Le Fonds des Nations Unies pour l’enfance (Unicef) et la Commission nationale pour les droits de l’homme (CNDH) ont signé le 13 mai à Brazzaville, un plan d’action conjoint relatif à la protection et la promotion des droits de l’enfant, pour la période 2026-2031. L’Unicef était représenté par sa Représentante au Congo, Mme Mariavittoria Ballotta et la CNDH par son président, Casimir Ndomba.
Selon le président de la CNDH, Casimir Ndomba, ce partenariat, fondé sur les valeurs communes de dignité, de justice et de protection des droits humains, est le socle sur lequel la CNDH et l’Unicef entreprendront des actions concrètes, pendant la période précitée, pour le bien-être et la protection des enfants en République du Congo.
Car, a-t-il poursuivi, en dépit des avancées législatives notables enregistrées au Congo avec la promulgation de la loi portant protection de l’enfant, la mise en œuvre effective des droits de l’enfant reste encore entravée par plusieurs facteurs structurels, notamment : la persistance des violences basées sur le genre à l’encontre des enfants ; le travail des enfants en zones rurales et urbaines ; l’accès limité à une éducation et des services de santé de qualité pour les couches vulnérables, particulièrement les autochtones.
« Ces tristes réalités exigent de nous une réponse à la fois coordonnée et ambitieuse. Coordonnée, parce que menée par nos deux organisations dont la détermination et l’engagement à protéger les droits de l’enfant sont manifestes. Ambitieuse, parce que la situation parfois dramatique des enfants le commande. Le plan d’action que nous venons de signer ce jour, aux fins de parvenir à l’amélioration de la qualité de vie de nos enfants, constitue un début de réponse aux défis annoncés ci-haut », a indiqué Casimir Ndomba.

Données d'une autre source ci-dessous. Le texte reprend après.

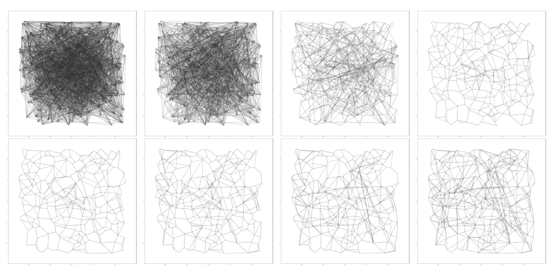二维平面下的 Vamana 构图过程。首行是第一轮剪枝过程,次行是第二轮剪枝过程。可以观察到第二轮剪枝给 Vamana 构图带来了更多的长边,从而搜索收敛所需"跳数"更少。[3]
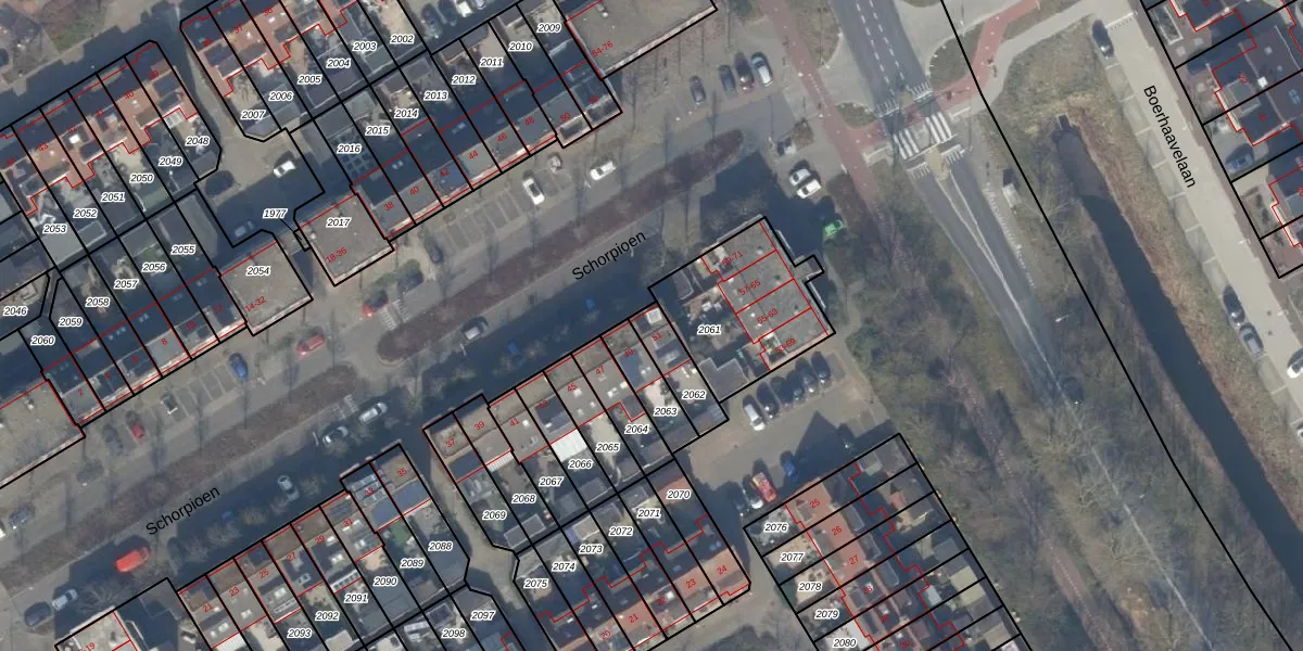 Gebruik de zoekbalk of klik op een perceel voor informatie over de adressen binnen dit perceel.

Il nous faut garantir, a-t-il renchéri, que chaque enfant, autochtone ou bantou, vivant avec ou sans handicap, vivant en ville ou en zone rurale, puisse grandir dans la dignité et la sécurité tout en bénéficiant d’opportunités réelles d’éducation, de protection et d’épanouissement. « Les enfants et les jeunes ne seront pas de simples bénéficiaires : ils seront de véritables acteurs du changement, porteurs de messages auprès des pairs, notamment à travers les clubs scolaires, le parlement des enfants et la plateforme U-Report. Chaque action de terrain sera documentée, évaluée et ajustée, afin que nos efforts soient non seulement visibles, mais véritablement durables », a-t-il conclu.
De son côté, la Représentante de l’Unicef au Congo, Mme Mariavittoria Ballotta a indiqué qu’au regard du nombre d’enfants en République du Congo, près de 47% de la population, la protection et la promotion de leurs droits constitue ainsi un gage sûr du développement. Car, a-t-elle expliqué, cette réalité montre que l’avenir du Congo dépend en grande partie de la protection et de la promotion des droits des enfants, véritables ressources humaines de demain.
L’Unicef, a-t-elle indiqué, réaffirme son engagement auprès de la République du Congo dans le cadre de la protection et de la promotion des droits de l’enfant.